First, we conducted UVMR analysis to estimate the total effect of the three exposures—education, cognition, or intelligence on cholelithiasis and its secondary complication—cholecystitis. We applied the IVW method as the main criterion, as presented in Figure 2. Each 1-SD (4.2 years) increase in years of schooling [OR: 0.73 (95%CI: 0.65-0.81)], better cognitive performance [OR: 0.80 (95%CI: 0.71-0.89)], and higher intelligence [OR: 0.83 (95%CI: 0.74-0.92)] were all associated with a lower risk of cholelithiasis. Similarly, it was genetically predicted that each 1-SD increase for years of schooling [OR: 0.69 (95%CI: 0.54-0.88)] was also negatively associated with cholecystitis. However, neither better cognitive performance nor higher intelligence was associated with cholecystitis, distinct from cholelithiasis above.
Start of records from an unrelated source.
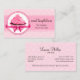 © Socialite Designs. El diseño de la tarjeta de visita de nuestra pastelería de cupcakes tiene un elegante quequito atado con una cinta y dentro de un círculo de encaje. Una tarjeta de visita perfecta para un negocio de panadería o de restauración de eventos como mesas de postre. Personalice esta tarjeta de presentación de la panadería de cupcakes con su información.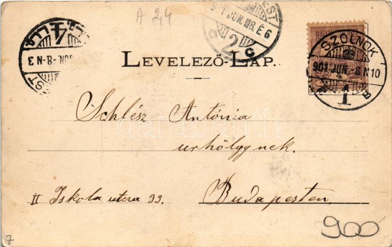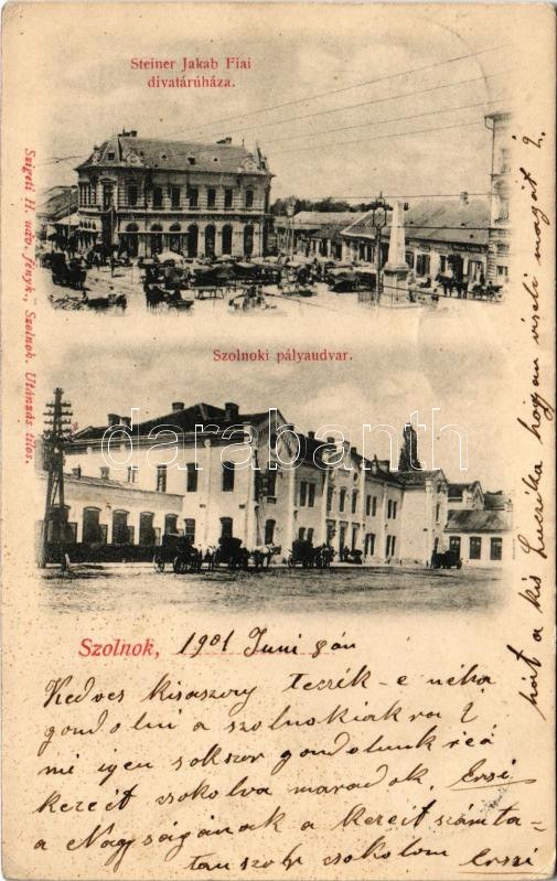 1901 Szolnok, Steiner Jakab Fiai divatáruháza, üzletek, piac, Pályaudvar, vasútállomás. Szigeti H. udvari fényképész (EK)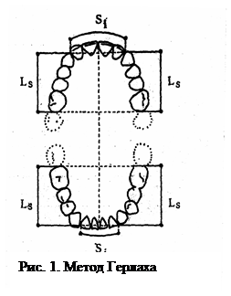 Исследование формы размеров и взаимоотношение зубов, зубных рядов и прикуса можно проводить в полости рта, но это сопряжено с рядом неудобств и неточностей. Поэтому эти исследования проводят на моделях челюстей. После изготовления моделей необходимо указать: фамилию, имя, отчество пациента, возраст, дату и номер истории болезни (такие модели называют диагностическими, они же являются и контрольными). На моделях верхней и нижней челюсти изучают особенности расположения зубов, форму и размеры зубных рядов и небного свода, развитие альвеолярных отростков соответственно трем взаимно-перпендикулярным плоскостям: срединно-сагиттальной, трансверзальной и вертикальной (окклюзионной). Сагиттальные исследования (по Герлах). Lr = Ll (+/- 3%). Где L - латеральный сегмент зубного ряда состоящий из суммы поперечных размеров клыка, обоих премоляров и первого моляра (r - правый, l –левый), а также установил связь в нормальном прикусе между величиной переднего и латерального сегментов (рис. 1). Идеальное соотношение при резцовом перекрытии на 1/3 высоты коронок (3мм), когда величина переднего сегмента Σ I – сумма поперечных размеров резцов – равна длине латерального сегмента: Σ I = L (+/- 3%).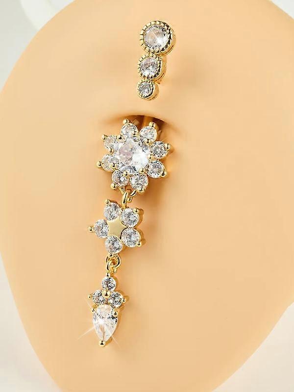 Shiny Cubic Zirconia Navel Ring with Star Flower and Prong Pendant, Stainless Steel Belly Button Jewelry for Women, Elegant Everyday and Par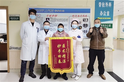 4月2日,56岁的刘阿姨将一面写着“医术精湛 妙手回春”的锦旗赠与科室,诉说着她满满的感激。“之前因为右下肢剧烈疼痛,不能正常行走和躺下,将近20天没有正常入睡,还好遇到了你们,解决了困扰我的难题。”刘阿姨说道。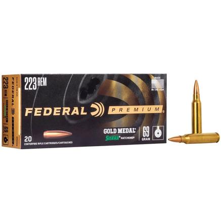 Federal Premium Gold Medal Sierra MatchKing Rifle Ammunition .223 Rem 69 gr BTHP 2950 fps - 20/ct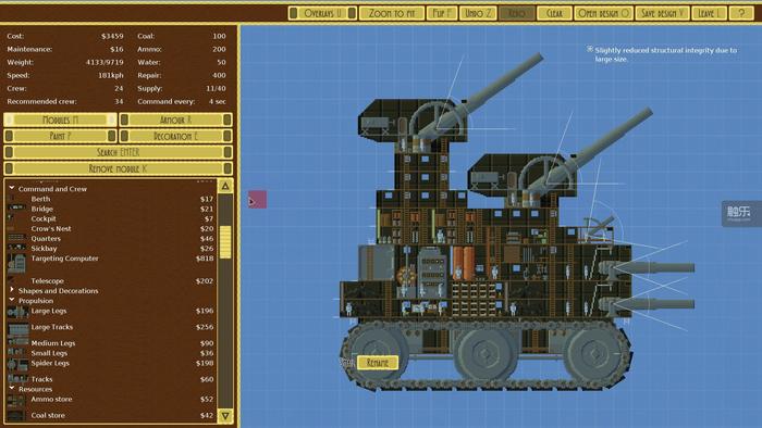 我最终认识到,这款游戏出人意料地非常具有策略深度,完成教程后造出来的飞艇只能说是徒具其型,一遇上稍微强的敌人就会被打爆,Steam中关于飞艇结构的指南写得专业又复杂,活脱脱一本蒸汽朋克版本的《航天飞行器设计》。不过游戏可以导入其他人的飞艇设计,贴吧和创意工坊也有不少人分享了不错的方案,可以直接拿来参考。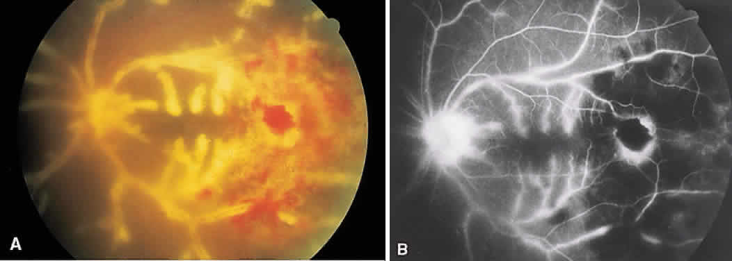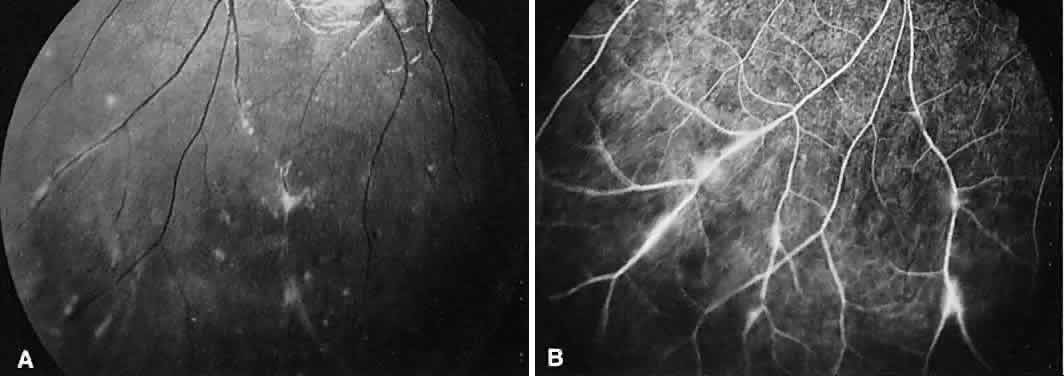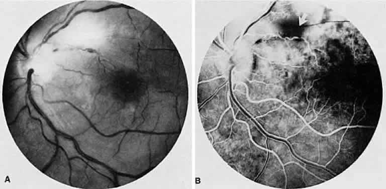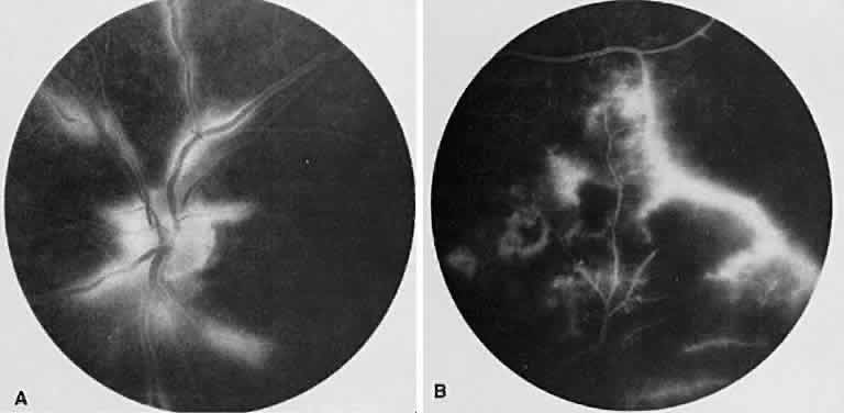 ACUTE RETINAL NECROSIS Acute retinal necrosis is an often bilateral peripheral retinitis that generally occurs in young, healthy adults. Herpes simplex, cytomegalovirus retinitis, and herpes zoster virus have been implicated as the etiologic agents in various patients. Acute retinal necrosis has a similar clinical appearance to proven cytomegalovirus retinitis. It presents as peripheral white necrotic retinal lesions, often with arteriolar occlusions and sheathing (Fig. 18A). Disc edema and pallor can be seen. Retinal detachments are frequent sequelae of the infection. Fluorescein angiography (see Fig. 18B) shows multiple retinal vascular occlusions, particularly arteriolar. In the late phases, the retinal vessels stain, often proximal to the occlusion. Nonoccluded vessels also may show staining.63,64 Late staining of the disc can be seen during the acute phase.64 The differential diagnosis includes herpes zoster retinitis, toxoplasmosis, and Behçet's disease. CYTOMEGALOVIRUS RETINITIS Cytomegalovirus retinitis often is found in immunosuppressed patients and in patients with acquired immunodeficiency syndrome. Clinically, it presents a sharply demarcated necrotizing hemorrhagic retinitis with a vasculitis that often is occlusive. The necrotizing retinitis usually is located in the midperiphery and clinically manifests as whitish opacifications in the deep retina and in the retinal pigment epithelium. Retinal hemorrhages are seen in the necrotic area and surrounding the leading edge (Fig. 19A). Retinal vascular sheathing, usually periphlebitis, may be bilateral or unilateral (Fig. 20).65 Retinal detachments (both exudative and rhegmatogenous) and vitreous cells can occur. On fluorescein angiography, findings that parallel the clinical appearance can be seen. Fusiform aneurysmal dilations of arteries, arteriole venules, and capillaries as well as capillary microaneurysms can be seen.66 The area of retinitis and necrosis blocks the choroidal fluorescence (see Fig. 19B); however, in the late venous phase, hyperfluorescence of the center lesion can be seen. Branch retinal artery occlusions may be seen.67 In addition, late dye leakage from arteries67 and optic disc occurs. ACQUIRED IMMUNODEFICIENCY SYNDROME Acquired immunodeficiency syndrome is caused by the human immunodeficiency virus. In addition to cytomegalovirus retinitis, the ocular complications of acquired immunodeficiency syndrome include Kaposi's sarcoma of the lids or conjunctive, Roth's spots, retinal hemorrhage, microaneurysms, telangiectasia, disc edema, cotton-wool spots, and cranial nerve palsies. On fluorescein angiography, microaneurysms, telangiectases, and small areas of capillary nonperfusion corresponding to the cotton-wool spots have been seen.68 HERPES ZOSTER Herpes zoster can cause an iridocyclitis with sector iris atrophy and retinal arteritis, retinal necrosis, and central retinal vein occlusion.69 Sector iris atrophy can be seen on iris fluorescein angiography.70 With arteritis, arteriolar narrowing and slow dye transit with fluorescein leakage are evident. SUBACUTE SCLEROSING PANENCEPHALITIS Subacute sclerosing panencephalitis is a progressive neurologic disorder that occurs in children and young adults. Measles virus is believed to be the infectious agent. Personality and behavioral changes occur and are followed by neurologic symptoms of seizures, dementia, coma, and death. Half the patients have visual involvement, which often antedates the neurologic symptoms. Clinically, a focal posterior pole retinitis and flat focal white retinal lesions are seen (Fig. 21). With fluorescein angiography during the acute stage, the lesions mask the choroidal fluorescence. There is late venous leakage, vein staining, and arteriole and venule occlusions.71 |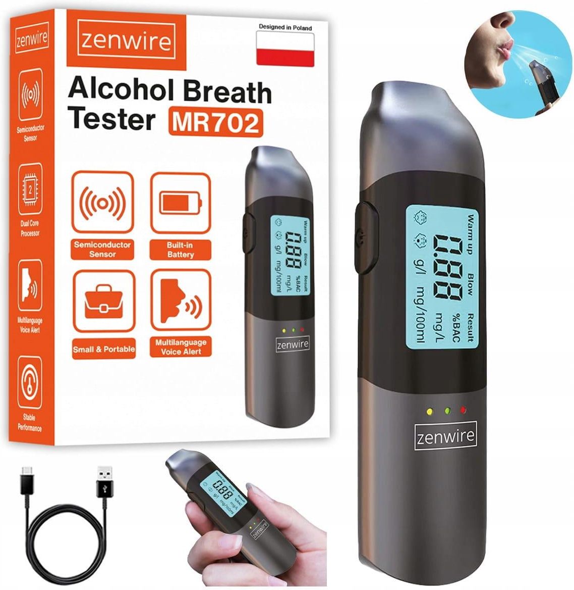 Alkomat Bezustnikowy Profesjonalny Policyjny Elektroniczny LCD Precyzyjny z Wbudowaną Baterią USB-C Zenwire MR702 Kompaktowy cyfrowy bezustnikowy alkomat Zenwire MR702 pozwoli na dokonanie błyskawicznego pomiaru alkoholu w wydychanym powietrzu w kilka sekund. Uzyskaj błyskawiczną odpowiedź na pytanie czy możesz prowadzić samochód. Wbudowana bateria ładowana USB-C oraz wysoka jakość pomiarów czyni ten sprzęt niezbędnym dodatkiem do codziennego użytkowania oraz dla każdego kierowcy. Alkomat Bezustnikowy Profesjonalny z Wbudowaną Baterią USB-C Zenwire MR702. Najważniejsze cechy Wysokiej klasy alkomat bezustnikowy Zenwire MR702 zapewnia błyskawiczny i dokładny pomiar w kilka sekund. Czytelny wyświetlacz LCD z diodami LED, inteligentne powiadomienia głosowe i wizualne Szeroki zakres pomiarowy od 0 do 2 ‰ promili pozwala na skuteczną ocenę czy możesz prowadzić samochód Wbudowana bateria i szybkie ładowanie USB-C – używaj wiele dni nie przejmując się wymianą baterii. W prosty sposób naładuj ponownie przez USB-C. Kompaktowe wymiary i niska waga (25 g) oraz solidna obudowa ABS – alkomat mieści się w dłoni i kieszeni, zabierz go ze sobą wszędzie! Skalibrowany przez Producenta i gotowy do działania od razu po wyjęciu z pudełka! Bezustnikowy Alkomat Zenwire MR702 z sensorem półprzewodnikowym – dlaczego warto w niego zainwestować? Sensory półprzewodnikowe to popularne rozwiązanie w alkomatach przeznaczonych do użytku domowego. Charakteryzują się niskim poborem energii i kompaktową konstrukcją, dzięki czemu są idealnym wyborem do szybkiej, codziennej kontroli trzeźwości. brak konieczności używania ustników = wyższa higiena użytkowania i prostszy pomiar wystarczająca dokładność do użytku prywatnego, niższa cena niż w przypadku alkomatów elektrochemicznych, prosta obsługa i szybki czas gotowości, lekka i kompaktowa konstrukcja – tylko 25 g, łatwo mieści się w kieszeni, wbudowana bateria, szybkie ładowanie USB-C – pełna gotowość w ok. 30 minut. Alkomat Zenwire MR702. Twój codzienny pomocnik w ocenie trzeźwości. Lekki i kompaktowy alkomat Zenwire MR702 umożliwia szybki pomiar poziomu alkoholu w wydychanym powietrzu, zwiększając bezpieczeństwo prowadzenia pojazdów oraz świadomość własnego organizmu. ✅ Kolorowe wskaźniki LED (zielony/żółty/czerwony) – łatwa i szybka interpretacja wyników, ✅ Wbudowany głośnik z komunikatami głosowymi – wskazówki w trakcie pomiaru, ✅ Automatyczne wyłączanie (Auto OFF) – oszczędność energii, ✅ Szybkie ładowanie USB-C – pełna gotowość w około 30 minut, ✅ Szybki i wygodny pomiar – tylko kilka sekund! Poznaj w pełni Zenwire MR702. Specyfikacja Sensor półprzewodnikowy: nowej generacji, wspierany algorytmem podwójnej filtracji i systemem oczyszczania powietrza, który eliminuje zakłócenia (np. dym, zanieczyszczenia) i pozostawia tylko alkohol. Zakres pomiarowy: 0,000 – 2,000‰ (0–200 mg/100 ml). Rozdzielczość wskazań: 0.01 ‰. Jednostki pomiarowe: ‰ (promile), mg/L, %BAC, g/L, µg/L. Dokładność wskazań*: ± 0.05 ‰ przy 1.00 ‰ w temp. 25°C. Czas przygotowania do pomiaru: około 5 sekund. Próg alarmowy: 0.20‰ – sygnał dźwiękowy oraz wizualny (czerwony wskaźnik LED). Zasilanie: wbudowany akumulator litowo-polimerowy 200 mAh, ładowany przez USB-C. Czas ładowania: ok. 30 minut. Czas pracy: do 110 pomiarów na jednym ładowaniu. Wskaźniki świetlne: zielony/żółty/czerwony dla łatwej interpretacji wyników. Komunikaty głosowe Waga: tylko 25 g – ultralekki i poręczny. Wymiary: 92 × 26 × 16 mm – mieści się w dłoni i kieszeni. Obsługa alkomatu nigdy nie była łatwiejsza. Pomiar w kilka sekund. Uproszczona instrukcja obsługi Naciśnij i przytrzymaj przycisk zasilania, aby włączyć urządzenie. Alkomat odliczy kilka sekund, przygotowując się do pomiaru. Gdy usłyszysz komunikat głosowy i zapali się zielona dioda – rozpocznij dmuchanie w ustnik. Kontynuuj dmuchanie tak długo, jak informuje o tym sygnał dźwiękowy. Po zakończeniu odczyt pojawi się na wskaźniku LED (zielony – brak alkoholu, żółty – ostrzeżenie, czerwony – przekroczenie normy). Jeśli przekroczysz próg 0,2‰, alkomat wyda sygnał dźwiękowy oraz świetlny, a po kilku sekundach bezczynności urządzenie automatycznie się wyłączy, oszczędzając energię. W zestawie otrzymasz wszystko, czego potrzebujesz Skalibrowany i gotowy do użycia alkomat półprzewodnikowy Zenwire MR702, Eleganckie opakowanie, Instrukcja obsługi – w języku polskim oraz angielskim, Kabel USB-C do szybkiego ładowania, Wymiary fizyczne alkomat Zenwire MR702 Kompaktowe wymiary: 92 × 26 × 16 mm – mieści się w dłoni i kieszeni, Waga: około 25 gram. Wszechstronne zastosowanie. Sam zdecyduj, w jaki sposób chcesz wykorzystać Zenwire MR702. Zenwire MR702 to świetny wybór do do personalnego użytku i szybkiej kontroli poziomu alkoholu w wydychanym powietrzu, do kontroli trzeźwości pracowników w miejscu pracy, do wstępnej oceny, czy możesz bezpiecznie prowadzić pojazd, jako praktyczny i nowoczesny prezent, jako narzędzie zwiększające świadomość wpływu alkoholu na organizm. Alkomat Zenwire MR702. Inwestycja, która pozwoli na wielkie oszczędności. Bezpieczeństwo – pozwala ocenić, czy nadajesz się do prowadzenia pojazdu, Finanse – pomaga uniknąć wysokich kar za jazdę pod wpływem alkoholu, Zdrowie – daje świadomość, jak alkohol wpływa na Twój organizm i może wspierać w ograniczeniu jego spożycia, Czas – szybki pomiar w kilka sekund sprawia, że alkomat zawsze masz pod ręką, bez konieczności korzystania z dodatkowych punktów testowych. Dodatkowe zalecenia w celu zwiększenia żywotności alkomatu i bezpieczeństwa pomiarów. Odczekaj minimum 15 minut od spożycia alkoholu lub palenia papierosów przed wykonaniem testu – alkohol potrzebuje czasu, by dostać się do układu krwionośnego i

Several sensitivity analyses were robust in all MR results. MR Egger and weight median results were both consistent with those of the IVW method (Supplementary Table 1). Genetic instrumental variables of all three exposures displayed certain heterogeneity and no pleiotropy with those of cholelithiasis and cholecystitis (Supplementary Tables 2 and 3).
Subsequently, we performed MVMR to calculate the independent causal relationship after adjusting for other interrelated phenotypes. Nevertheless, no causal association was observed between education and cholelithiasis or cholecystitis after adjusting for cognition, intelligence, or both. Meanwhile, cognitive performance did not exert a genetically causal effect on cholelithiasis or cholecystitis when adjusted for education, intelligence, or both of them. Similarly, intelligence did not show significant causal inference on the two outcomes, except when adjusted for cognition (OR: 1.70 [95%CI: 1.05-2.75]) which exhibited a positive association with cholecystitis, although it presented an insignificant statistical estimate (Supplementary Table 4). In addition, all directions and most of the statistical significance of IVW results resembled MVMR Egger sensitivity analyses, demonstrating a minor risk of bias for less horizontal pleiotropy (Supplementary Table 4).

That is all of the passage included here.